Task instructions -> Transcribe the listing exactly, so that nothing but the pictures is missing.

Data ->
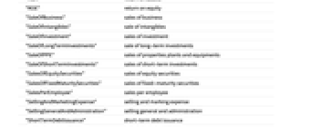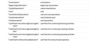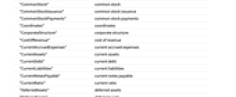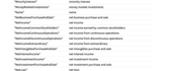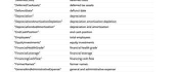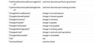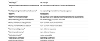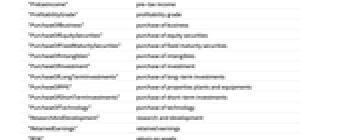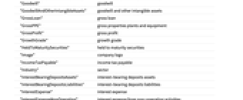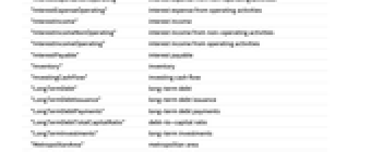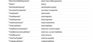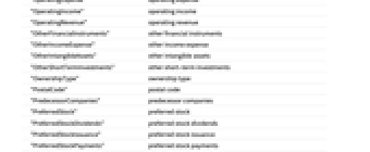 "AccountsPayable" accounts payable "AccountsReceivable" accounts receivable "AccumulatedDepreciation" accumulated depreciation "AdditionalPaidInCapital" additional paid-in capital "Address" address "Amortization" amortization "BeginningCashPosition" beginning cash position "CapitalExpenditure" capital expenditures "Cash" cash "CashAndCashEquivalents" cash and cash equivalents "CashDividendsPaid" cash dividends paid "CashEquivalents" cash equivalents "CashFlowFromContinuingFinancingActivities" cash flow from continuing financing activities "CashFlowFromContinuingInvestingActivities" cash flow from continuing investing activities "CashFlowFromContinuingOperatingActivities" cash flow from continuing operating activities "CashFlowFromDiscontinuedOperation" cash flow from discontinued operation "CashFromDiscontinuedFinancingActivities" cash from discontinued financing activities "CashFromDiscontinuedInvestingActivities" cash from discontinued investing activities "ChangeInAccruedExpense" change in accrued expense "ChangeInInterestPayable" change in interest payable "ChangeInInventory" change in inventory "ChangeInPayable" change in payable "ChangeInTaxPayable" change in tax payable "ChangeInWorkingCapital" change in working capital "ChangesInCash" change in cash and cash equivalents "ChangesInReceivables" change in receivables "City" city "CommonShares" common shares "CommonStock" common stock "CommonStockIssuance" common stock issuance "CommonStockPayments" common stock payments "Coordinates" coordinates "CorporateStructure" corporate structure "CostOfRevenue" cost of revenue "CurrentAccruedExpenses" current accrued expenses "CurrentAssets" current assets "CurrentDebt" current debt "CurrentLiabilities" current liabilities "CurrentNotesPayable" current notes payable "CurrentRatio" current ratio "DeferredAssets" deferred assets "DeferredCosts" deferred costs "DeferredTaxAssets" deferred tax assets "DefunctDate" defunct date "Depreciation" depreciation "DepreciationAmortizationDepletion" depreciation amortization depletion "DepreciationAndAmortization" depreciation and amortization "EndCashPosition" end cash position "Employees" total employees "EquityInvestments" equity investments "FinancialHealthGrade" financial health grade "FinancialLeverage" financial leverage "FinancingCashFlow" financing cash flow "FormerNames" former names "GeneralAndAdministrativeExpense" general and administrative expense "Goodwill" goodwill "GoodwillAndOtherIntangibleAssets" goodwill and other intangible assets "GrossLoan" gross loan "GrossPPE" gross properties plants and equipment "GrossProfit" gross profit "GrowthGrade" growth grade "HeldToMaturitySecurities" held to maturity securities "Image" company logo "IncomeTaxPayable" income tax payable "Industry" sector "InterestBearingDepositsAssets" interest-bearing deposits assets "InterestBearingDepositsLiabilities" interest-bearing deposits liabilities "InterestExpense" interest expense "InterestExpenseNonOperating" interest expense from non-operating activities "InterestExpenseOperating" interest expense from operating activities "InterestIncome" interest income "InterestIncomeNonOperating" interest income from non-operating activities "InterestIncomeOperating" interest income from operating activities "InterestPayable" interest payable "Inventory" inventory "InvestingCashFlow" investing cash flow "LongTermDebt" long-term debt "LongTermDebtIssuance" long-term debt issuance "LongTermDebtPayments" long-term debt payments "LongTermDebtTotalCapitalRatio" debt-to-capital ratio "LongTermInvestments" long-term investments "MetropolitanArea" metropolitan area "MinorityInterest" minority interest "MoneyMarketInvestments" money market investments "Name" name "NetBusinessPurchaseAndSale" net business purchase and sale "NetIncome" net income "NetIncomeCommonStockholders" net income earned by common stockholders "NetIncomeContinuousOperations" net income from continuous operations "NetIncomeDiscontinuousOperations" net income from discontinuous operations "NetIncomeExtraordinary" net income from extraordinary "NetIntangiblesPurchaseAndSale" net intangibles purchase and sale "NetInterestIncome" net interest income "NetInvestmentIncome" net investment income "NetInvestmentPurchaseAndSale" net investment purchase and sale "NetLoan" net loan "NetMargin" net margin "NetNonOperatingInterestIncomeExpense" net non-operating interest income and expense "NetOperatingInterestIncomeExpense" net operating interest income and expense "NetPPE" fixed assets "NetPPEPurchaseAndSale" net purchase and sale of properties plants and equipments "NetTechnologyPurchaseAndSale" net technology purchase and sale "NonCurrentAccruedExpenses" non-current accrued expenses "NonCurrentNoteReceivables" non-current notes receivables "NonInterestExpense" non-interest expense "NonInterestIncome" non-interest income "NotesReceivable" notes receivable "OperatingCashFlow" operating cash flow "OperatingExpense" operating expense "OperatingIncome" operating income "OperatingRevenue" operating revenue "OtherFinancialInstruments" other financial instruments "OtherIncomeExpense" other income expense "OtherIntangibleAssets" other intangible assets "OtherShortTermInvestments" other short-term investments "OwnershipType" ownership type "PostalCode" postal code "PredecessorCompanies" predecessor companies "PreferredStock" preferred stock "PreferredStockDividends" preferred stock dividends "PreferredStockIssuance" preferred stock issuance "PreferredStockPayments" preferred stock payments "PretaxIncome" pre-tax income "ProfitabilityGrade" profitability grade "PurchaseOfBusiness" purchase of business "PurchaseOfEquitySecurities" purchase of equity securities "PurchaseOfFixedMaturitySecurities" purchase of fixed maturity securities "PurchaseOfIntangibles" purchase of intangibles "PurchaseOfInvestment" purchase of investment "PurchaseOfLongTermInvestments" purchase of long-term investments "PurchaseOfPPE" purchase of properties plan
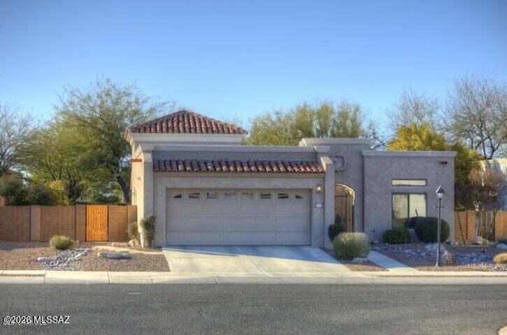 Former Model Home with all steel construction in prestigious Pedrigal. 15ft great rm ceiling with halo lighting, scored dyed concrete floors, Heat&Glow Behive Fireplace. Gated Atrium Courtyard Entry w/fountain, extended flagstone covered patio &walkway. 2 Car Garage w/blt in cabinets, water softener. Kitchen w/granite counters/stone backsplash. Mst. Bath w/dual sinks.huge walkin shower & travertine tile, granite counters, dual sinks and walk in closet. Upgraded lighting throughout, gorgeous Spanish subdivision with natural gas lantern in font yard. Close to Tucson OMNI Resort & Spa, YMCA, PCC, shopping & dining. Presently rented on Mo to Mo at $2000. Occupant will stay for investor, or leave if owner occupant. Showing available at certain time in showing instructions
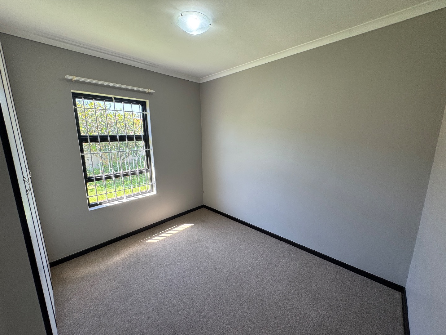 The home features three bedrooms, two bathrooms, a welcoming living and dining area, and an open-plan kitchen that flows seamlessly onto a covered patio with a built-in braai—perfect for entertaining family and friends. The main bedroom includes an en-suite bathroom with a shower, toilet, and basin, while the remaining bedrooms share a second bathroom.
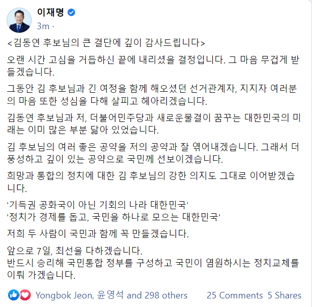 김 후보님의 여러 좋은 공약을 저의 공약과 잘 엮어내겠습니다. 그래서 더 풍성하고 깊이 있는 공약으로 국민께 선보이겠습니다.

Problem solution ->
 "AccountsPayable" accounts payable "AccountsReceivable" accounts receivable "AccumulatedDepreciation" accumulated depreciation "AdditionalPaidInCapital" additional paid-in capital "Address" address "Amortization" amortization "BeginningCashPosition" beginning cash position "CapitalExpenditure" capital expenditures "Cash" cash "CashAndCashEquivalents" cash and cash equivalents "CashDividendsPaid" cash dividends paid "CashEquivalents" cash equivalents "CashFlowFromContinuingFinancingActivities" cash flow from continuing financing activities "CashFlowFromContinuingInvestingActivities" cash flow from continuing investing activities "CashFlowFromContinuingOperatingActivities" cash flow from continuing operating activities "CashFlowFromDiscontinuedOperation" cash flow from discontinued operation "CashFromDiscontinuedFinancingActivities" cash from discontinued financing activities "CashFromDiscontinuedInvestingActivities" cash from discontinued investing activities "ChangeInAccruedExpense" change in accrued expense "ChangeInInterestPayable" change in interest payable "ChangeInInventory" change in inventory "ChangeInPayable" change in payable "ChangeInTaxPayable" change in tax payable "ChangeInWorkingCapital" change in working capital "ChangesInCash" change in cash and cash equivalents "ChangesInReceivables" change in receivables "City" city "CommonShares" common shares "CommonStock" common stock "CommonStockIssuance" common stock issuance "CommonStockPayments" common stock payments "Coordinates" coordinates "CorporateStructure" corporate structure "CostOfRevenue" cost of revenue "CurrentAccruedExpenses" current accrued expenses "CurrentAssets" current assets "CurrentDebt" current debt "CurrentLiabilities" current liabilities "CurrentNotesPayable" current notes payable "CurrentRatio" current ratio "DeferredAssets" deferred assets "DeferredCosts" deferred costs "DeferredTaxAssets" deferred tax assets "DefunctDate" defunct date "Depreciation" depreciation "DepreciationAmortizationDepletion" depreciation amortization depletion "DepreciationAndAmortization" depreciation and amortization "EndCashPosition" end cash position "Employees" total employees "EquityInvestments" equity investments "FinancialHealthGrade" financial health grade "FinancialLeverage" financial leverage "FinancingCashFlow" financing cash flow "FormerNames" former names "GeneralAndAdministrativeExpense" general and administrative expense "Goodwill" goodwill "GoodwillAndOtherIntangibleAssets" goodwill and other intangible assets "GrossLoan" gross loan "GrossPPE" gross properties plants and equipment "GrossProfit" gross profit "GrowthGrade" growth grade "HeldToMaturitySecurities" held to maturity securities "Image" company logo "IncomeTaxPayable" income tax payable "Industry" sector "InterestBearingDepositsAssets" interest-bearing deposits assets "InterestBearingDepositsLiabilities" interest-bearing deposits liabilities "InterestExpense" interest expense "InterestExpenseNonOperating" interest expense from non-operating activities "InterestExpenseOperating" interest expense from operating activities "InterestIncome" interest income "InterestIncomeNonOperating" interest income from non-operating activities "InterestIncomeOperating" interest income from operating activities "InterestPayable" interest payable "Inventory" inventory "InvestingCashFlow" investing cash flow "LongTermDebt" long-term debt "LongTermDebtIssuance" long-term debt issuance "LongTermDebtPayments" long-term debt payments "LongTermDebtTotalCapitalRatio" debt-to-capital ratio "LongTermInvestments" long-term investments "MetropolitanArea" metropolitan area "MinorityInterest" minority interest "MoneyMarketInvestments" money market investments "Name" name "NetBusinessPurchaseAndSale" net business purchase and sale "NetIncome" net income "NetIncomeCommonStockholders" net income earned by common stockholders "NetIncomeContinuousOperations" net income from continuous operations "NetIncomeDiscontinuousOperations" net income from discontinuous operations "NetIncomeExtraordinary" net income from extraordinary "NetIntangiblesPurchaseAndSale" net intangibles purchase and sale "NetInterestIncome" net interest income "NetInvestmentIncome" net investment income "NetInvestmentPurchaseAndSale" net investment purchase and sale "NetLoan" net loan "NetMargin" net margin "NetNonOperatingInterestIncomeExpense" net non-operating interest income and expense "NetOperatingInterestIncomeExpense" net operating interest income and expense "NetPPE" fixed assets "NetPPEPurchaseAndSale" net purchase and sale of properties plants and equipments "NetTechnologyPurchaseAndSale" net technology purchase and sale "NonCurrentAccruedExpenses" non-current accrued expenses "NonCurrentNoteReceivables" non-current notes receivables "NonInterestExpense" non-interest expense "NonInterestIncome" non-interest income "NotesReceivable" notes receivable "OperatingCashFlow" operating cash flow "OperatingExpense" operating expense "OperatingIncome" operating income "OperatingRevenue" operating revenue "OtherFinancialInstruments" other financial instruments "OtherIncomeExpense" other income expense "OtherIntangibleAssets" other intangible assets "OtherShortTermInvestments" other short-term investments "OwnershipType" ownership type "PostalCode" postal code "PredecessorCompanies" predecessor companies "PreferredStock" preferred stock "PreferredStockDividends" preferred stock dividends "PreferredStockIssuance" preferred stock issuance "PreferredStockPayments" preferred stock payments "PretaxIncome" pre-tax income "ProfitabilityGrade" profitability grade "PurchaseOfBusiness" purchase of business "PurchaseOfEquitySecurities" purchase of equity securities "PurchaseOfFixedMaturitySecurities" purchase of fixed maturity securities "PurchaseOfIntangibles" purchase of intangibles "PurchaseOfInvestment" purchase of investment "PurchaseOfLongTermInvestments" purchase of long-term investments "PurchaseOfPPE" purchase of properties plan
 Former Model Home with all steel construction in prestigious Pedrigal. 15ft great rm ceiling with halo lighting, scored dyed concrete floors, Heat&Glow Behive Fireplace. Gated Atrium Courtyard Entry w/fountain, extended flagstone covered patio &walkway. 2 Car Garage w/blt in cabinets, water softener. Kitchen w/granite counters/stone backsplash. Mst. Bath w/dual sinks.huge walkin shower & travertine tile, granite counters, dual sinks and walk in closet. Upgraded lighting throughout, gorgeous Spanish subdivision with natural gas lantern in font yard. Close to Tucson OMNI Resort & Spa, YMCA, PCC, shopping & dining. Presently rented on Mo to Mo at $2000. Occupant will stay for investor, or leave if owner occupant. Showing available at certain time in showing instructions
 The home features three bedrooms, two bathrooms, a welcoming living and dining area, and an open-plan kitchen that flows seamlessly onto a covered patio with a built-in braai—perfect for entertaining family and friends. The main bedroom includes an en-suite bathroom with a shower, toilet, and basin, while the remaining bedrooms share a second bathroom.
 김 후보님의 여러 좋은 공약을 저의 공약과 잘 엮어내겠습니다. 그래서 더 풍성하고 깊이 있는 공약으로 국민께 선보이겠습니다.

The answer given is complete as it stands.